Glacial Preconditioning of Alpine Peatland Formation

Peatlands are ecosystems that comprise the largest terrestrial carbon store on Earth. They play a critical role in climate change mitigation, while also supporting unique biodiversity, regulating water flow and serving as paleoecological archives. Understanding the history of peatland formation and present subsurface conditions is essential for effective conservation and restoration efforts. Past glacial processes have had a first-order impact on peatland development in both mountain environments and lowlands. Although the role of climate in peat initiation is well explored, the influence of glaciations on postglacial peat-forming processes remains poorly investigated.

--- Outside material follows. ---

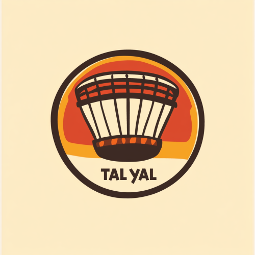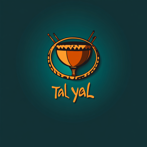 Design a professional logo for a percussionist named Tal Eyal. The logo should incorporate the phonetics of ‘Tal Eyal’ with elegant typography, blending serious and friendly elements. Include world music percussion motifs like drums, tambourines, and rhythmic patterns. Include two main colors for the theme.

Glaciers can provide suitable conditions for peatland formation by the ability to i) form local depressions and ii) deliver abundant fine sediments to induce ponding. However, the efficiency of glacial erosion strongly depends on geological factors like rock erodibility or basal topography. Other factors may in turn impede postglacial peat accumulation despite apparently suitable geological and climatic conditions. These include e.g. a high flood frequency, fluvial erosion in alluvial valleys, or, in mountainous environments, high landslide frequency.

To investigate peatland substrata, we apply a combination of geophysical methods, including ground penetrating radar and electrical resistivity tomography, and core drilling. We present characteristic peatland environments in central and perialpine settings and discuss how i) glacial depositional and ii) glacial erosional processes control their formation. In addition, we examine the onset of peat growth and rates of peat accumulation in formerly glaciated regions of the Eastern Alps.

These insights contribute to the understanding of present-day peatland ecosystem functioning, as subsurface stratigraphy often controls hydrological characteristics and vegetation patterns. Such knowledge is essential for peatland conservation and restoration strategies aimed at maintaining their role as important habitats and long-term carbon stores.